Work request:
Repeat the lines from the one containing "該系統(tǒng)可通過(g" through the last line of the data, exactly, pictures omitted.
*** Data
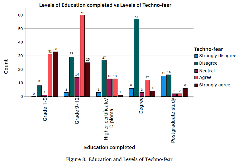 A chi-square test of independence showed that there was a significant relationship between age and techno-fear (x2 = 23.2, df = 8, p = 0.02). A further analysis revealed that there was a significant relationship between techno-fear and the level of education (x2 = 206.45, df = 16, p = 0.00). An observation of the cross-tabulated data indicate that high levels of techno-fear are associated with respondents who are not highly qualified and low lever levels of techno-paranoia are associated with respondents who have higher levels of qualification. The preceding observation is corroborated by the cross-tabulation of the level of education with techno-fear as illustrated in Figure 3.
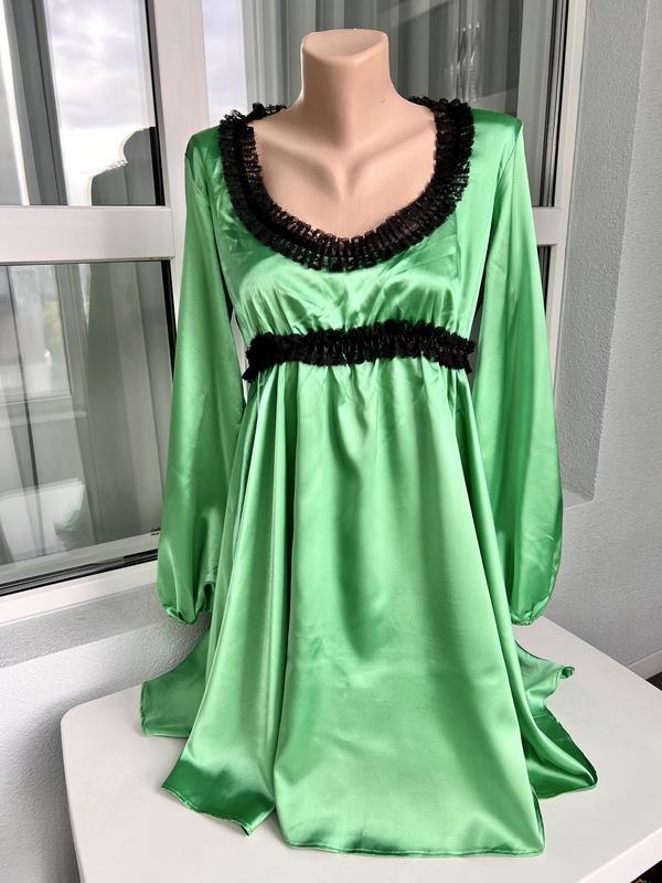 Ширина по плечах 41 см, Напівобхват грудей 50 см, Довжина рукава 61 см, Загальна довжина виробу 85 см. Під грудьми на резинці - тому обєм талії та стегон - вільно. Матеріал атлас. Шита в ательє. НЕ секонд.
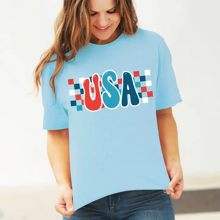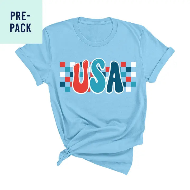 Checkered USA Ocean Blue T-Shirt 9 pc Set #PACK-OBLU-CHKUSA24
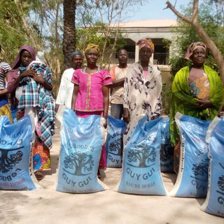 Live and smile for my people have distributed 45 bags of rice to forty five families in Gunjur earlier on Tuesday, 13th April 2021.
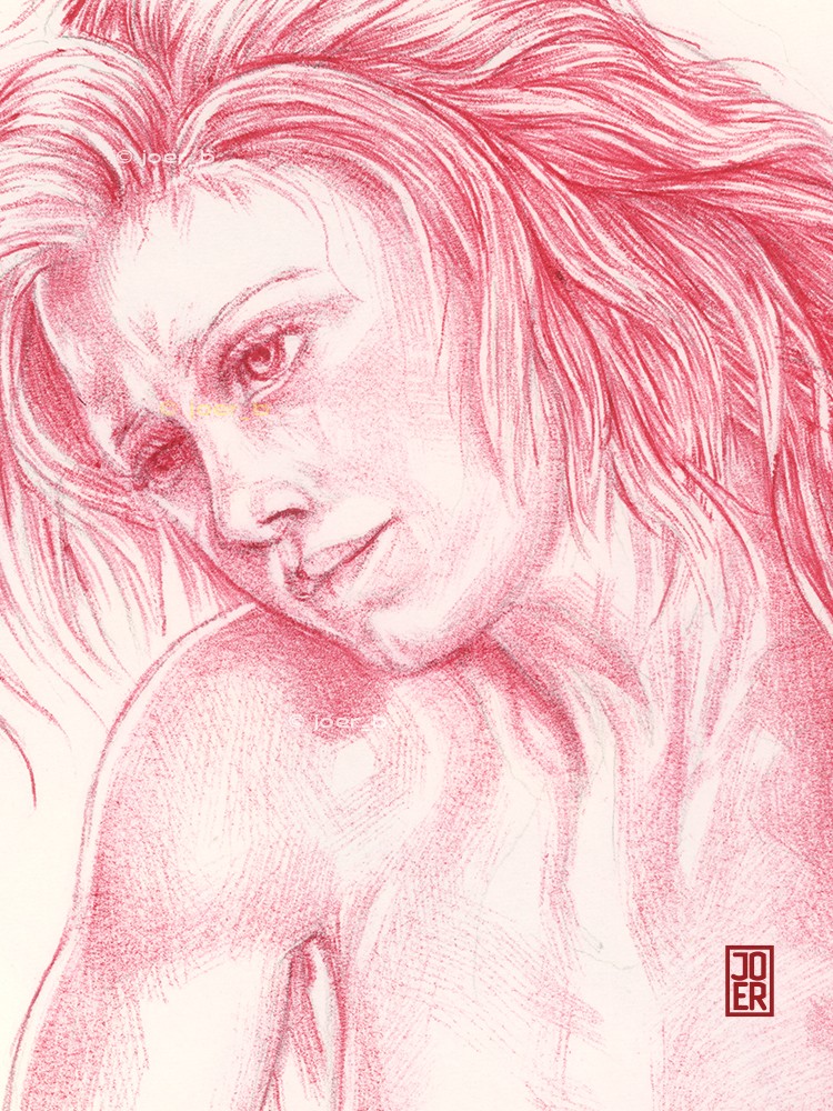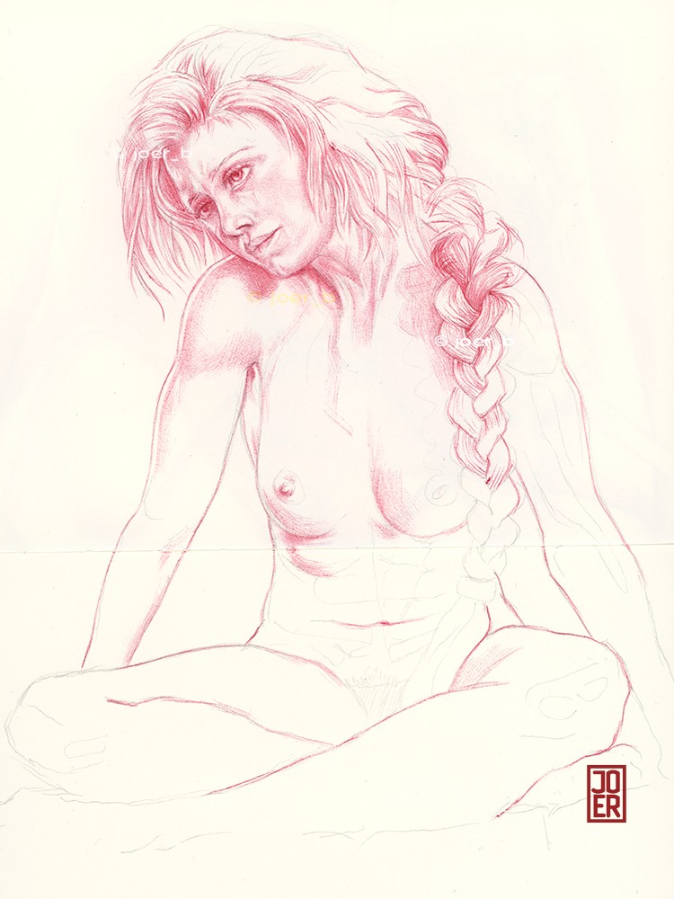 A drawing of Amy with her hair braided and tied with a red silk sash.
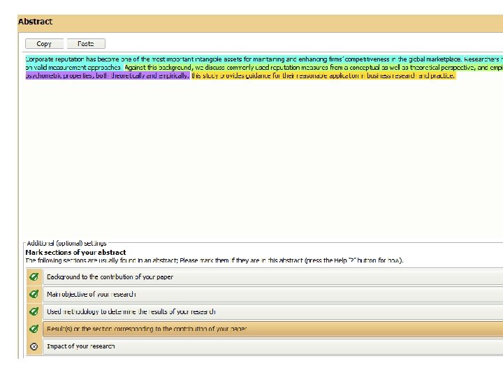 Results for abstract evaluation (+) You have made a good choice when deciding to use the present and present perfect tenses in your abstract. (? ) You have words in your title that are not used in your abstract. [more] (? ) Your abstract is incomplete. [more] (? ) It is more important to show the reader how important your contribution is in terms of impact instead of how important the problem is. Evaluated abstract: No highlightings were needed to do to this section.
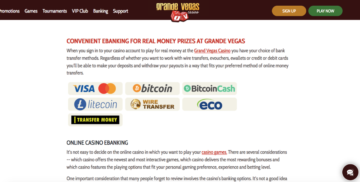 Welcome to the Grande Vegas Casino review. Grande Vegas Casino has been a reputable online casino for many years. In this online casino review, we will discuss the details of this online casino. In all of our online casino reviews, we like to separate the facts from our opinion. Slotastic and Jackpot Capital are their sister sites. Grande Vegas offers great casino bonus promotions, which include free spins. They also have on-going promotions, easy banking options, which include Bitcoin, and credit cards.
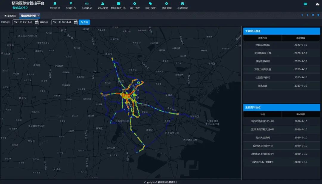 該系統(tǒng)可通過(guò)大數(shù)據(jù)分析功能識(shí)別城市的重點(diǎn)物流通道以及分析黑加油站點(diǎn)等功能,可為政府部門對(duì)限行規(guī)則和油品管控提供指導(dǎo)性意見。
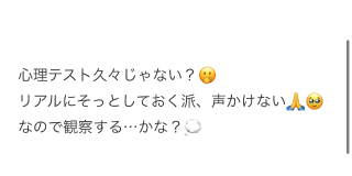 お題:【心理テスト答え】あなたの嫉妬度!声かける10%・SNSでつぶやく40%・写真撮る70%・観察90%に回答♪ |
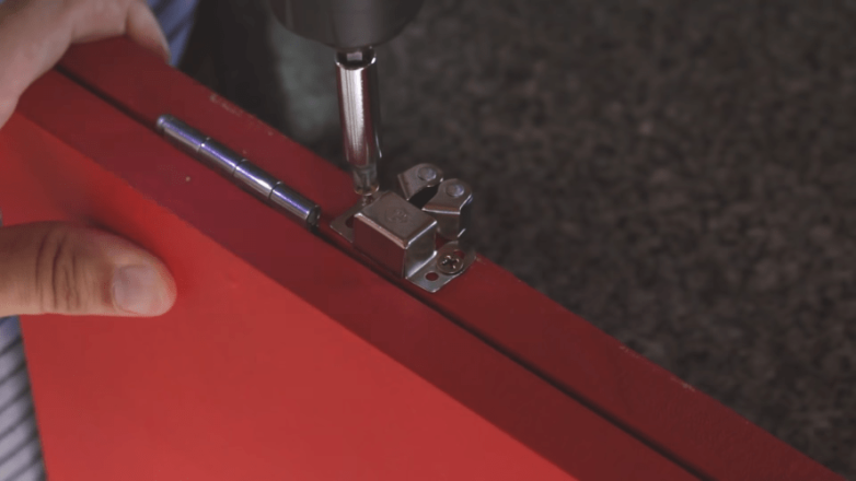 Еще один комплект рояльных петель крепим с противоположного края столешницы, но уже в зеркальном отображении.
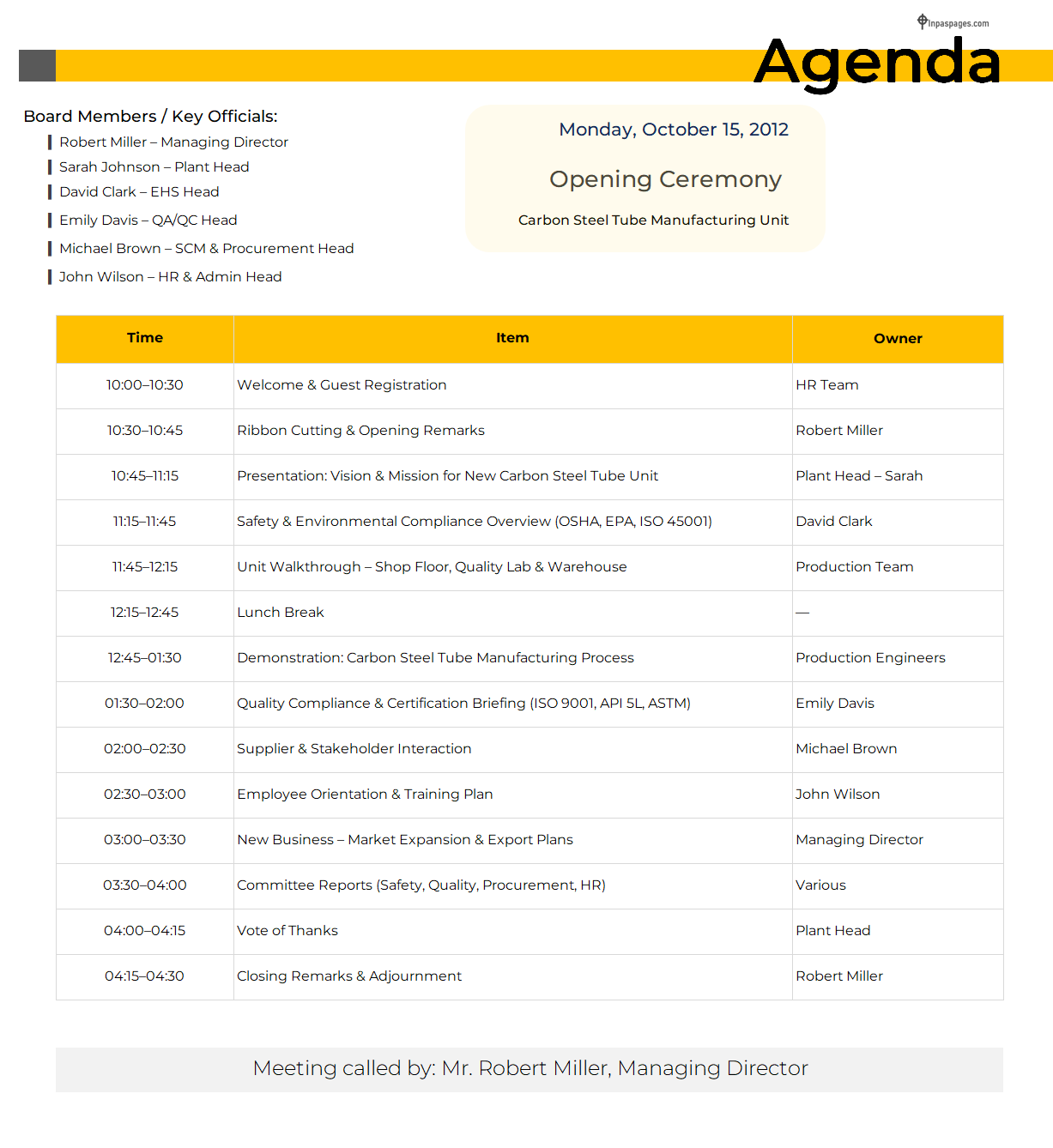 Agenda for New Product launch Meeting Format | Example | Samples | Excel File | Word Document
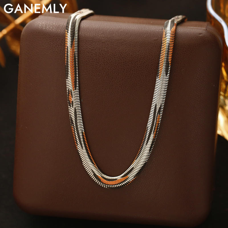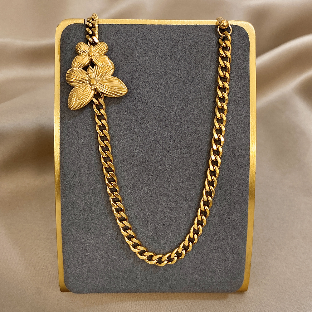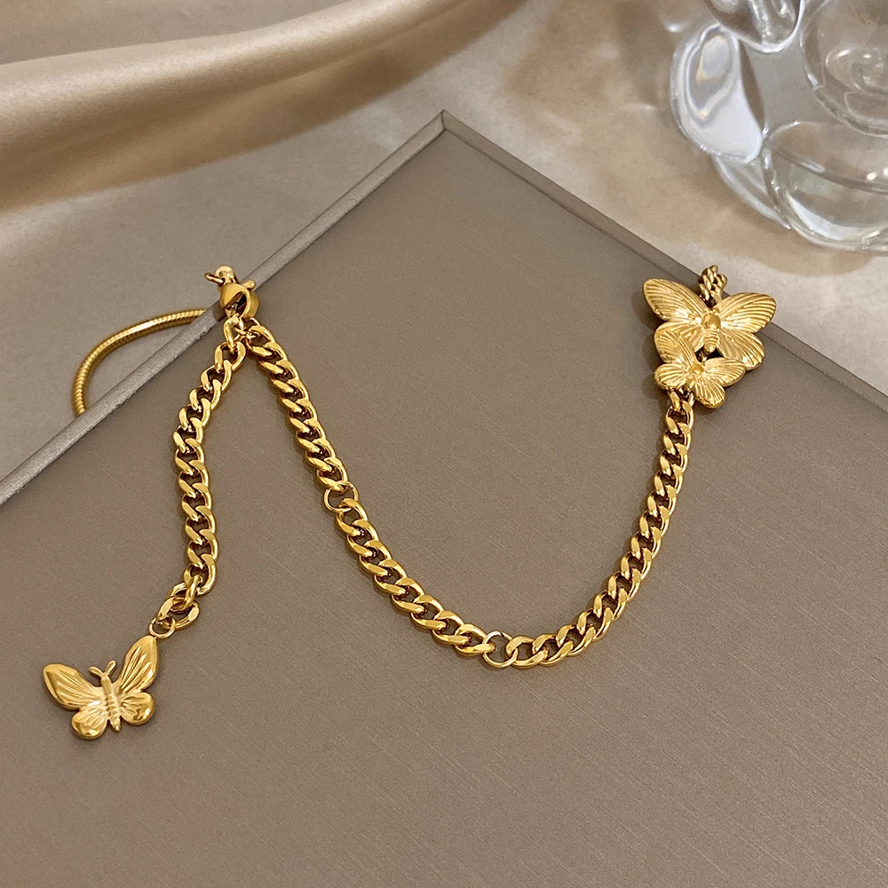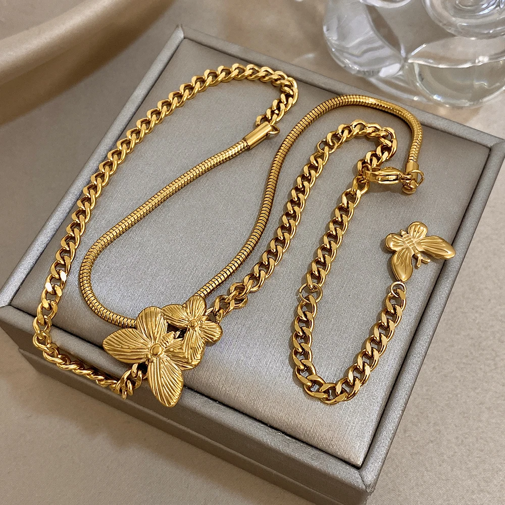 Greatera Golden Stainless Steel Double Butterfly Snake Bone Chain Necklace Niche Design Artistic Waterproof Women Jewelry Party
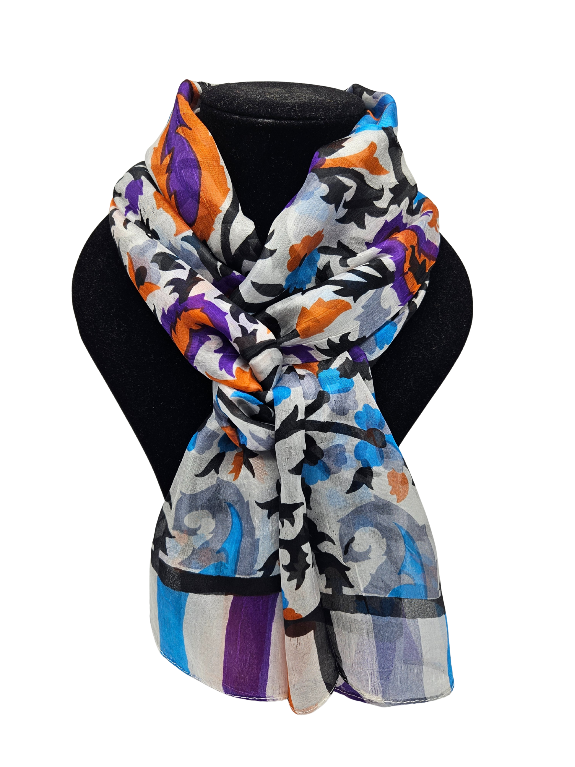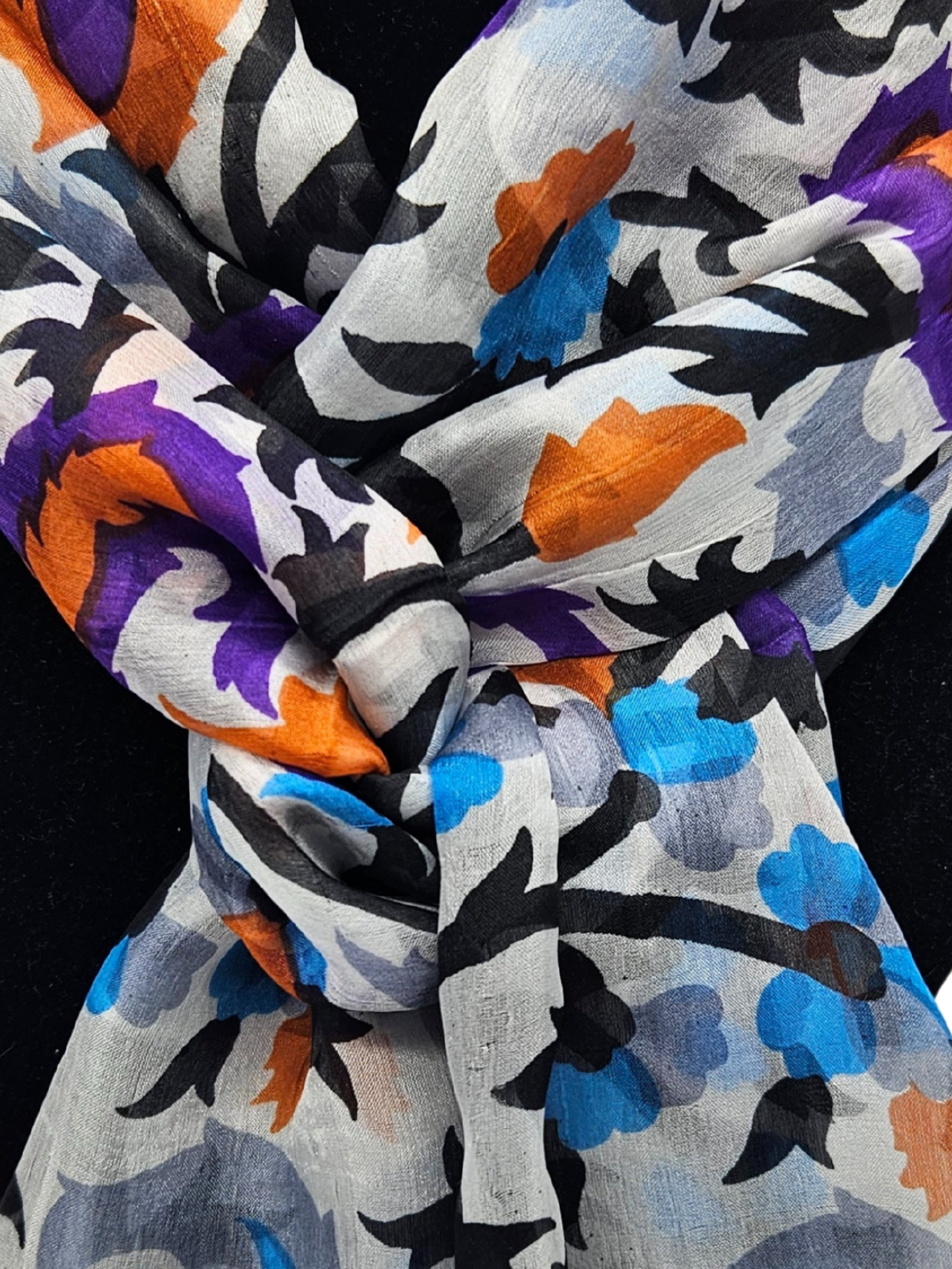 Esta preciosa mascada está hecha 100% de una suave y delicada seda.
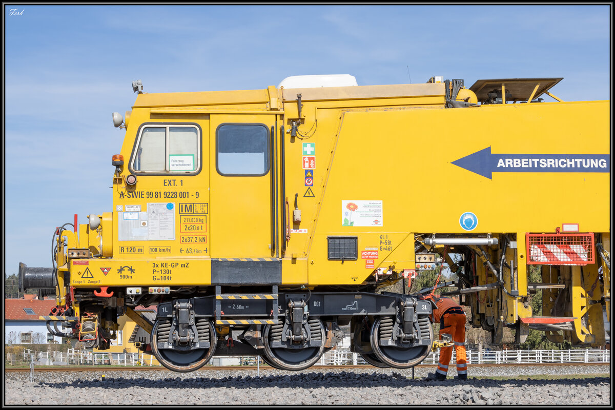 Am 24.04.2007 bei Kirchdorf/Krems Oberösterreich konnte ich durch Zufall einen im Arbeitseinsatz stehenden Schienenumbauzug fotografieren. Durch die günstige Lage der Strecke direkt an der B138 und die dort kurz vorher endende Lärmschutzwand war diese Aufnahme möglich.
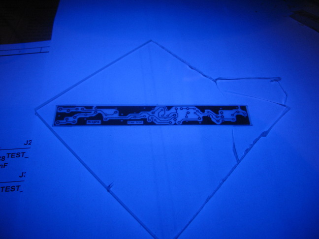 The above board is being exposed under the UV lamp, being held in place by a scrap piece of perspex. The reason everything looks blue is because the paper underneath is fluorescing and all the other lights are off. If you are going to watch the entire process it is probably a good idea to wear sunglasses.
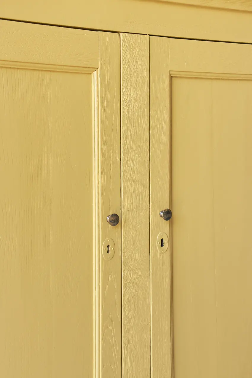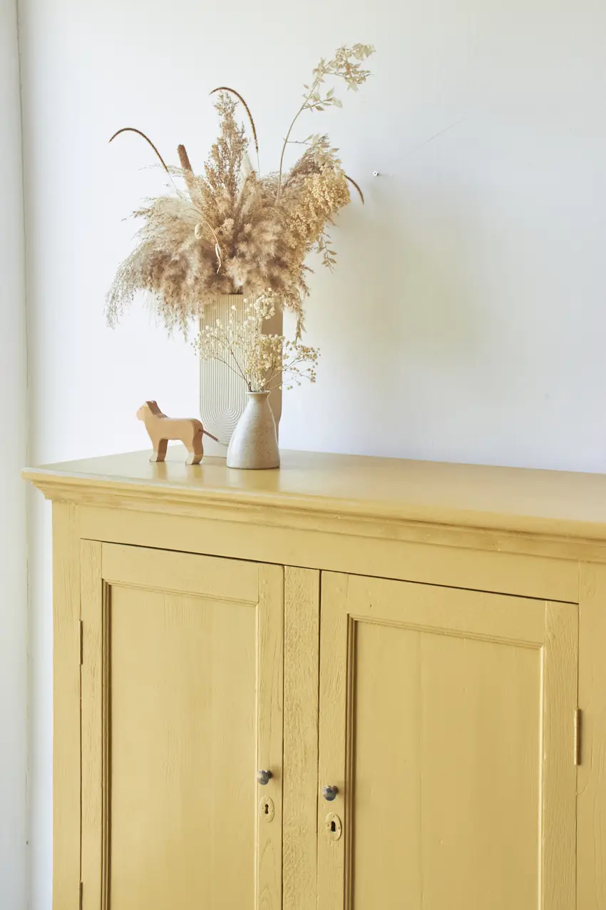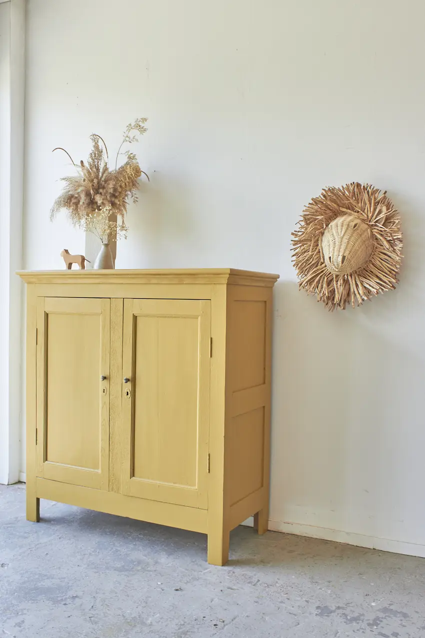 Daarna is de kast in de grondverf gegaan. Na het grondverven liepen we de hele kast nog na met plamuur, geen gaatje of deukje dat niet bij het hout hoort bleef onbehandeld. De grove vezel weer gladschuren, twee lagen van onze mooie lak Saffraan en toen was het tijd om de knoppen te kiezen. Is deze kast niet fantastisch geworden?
******
Answer to this exercise:
 該系統(tǒng)可通過(guò)大數(shù)據(jù)分析功能識(shí)別城市的重點(diǎn)物流通道以及分析黑加油站點(diǎn)等功能,可為政府部門對(duì)限行規(guī)則和油品管控提供指導(dǎo)性意見。
 お題:【心理テスト答え】あなたの嫉妬度!声かける10%・SNSでつぶやく40%・写真撮る70%・観察90%に回答♪ |
 Еще один комплект рояльных петель крепим с противоположного края столешницы, но уже в зеркальном отображении.
 Agenda for New Product launch Meeting Format | Example | Samples | Excel File | Word Document
 Greatera Golden Stainless Steel Double Butterfly Snake Bone Chain Necklace Niche Design Artistic Waterproof Women Jewelry Party
 Esta preciosa mascada está hecha 100% de una suave y delicada seda.
 Am 24.04.2007 bei Kirchdorf/Krems Oberösterreich konnte ich durch Zufall einen im Arbeitseinsatz stehenden Schienenumbauzug fotografieren. Durch die günstige Lage der Strecke direkt an der B138 und die dort kurz vorher endende Lärmschutzwand war diese Aufnahme möglich.
 The above board is being exposed under the UV lamp, being held in place by a scrap piece of perspex. The reason everything looks blue is because the paper underneath is fluorescing and all the other lights are off. If you are going to watch the entire process it is probably a good idea to wear sunglasses.
 Daarna is de kast in de grondverf gegaan. Na het grondverven liepen we de hele kast nog na met plamuur, geen gaatje of deukje dat niet bij het hout hoort bleef onbehandeld. De grove vezel weer gladschuren, twee lagen van onze mooie lak Saffraan en toen was het tijd om de knoppen te kiezen. Is deze kast niet fantastisch geworden?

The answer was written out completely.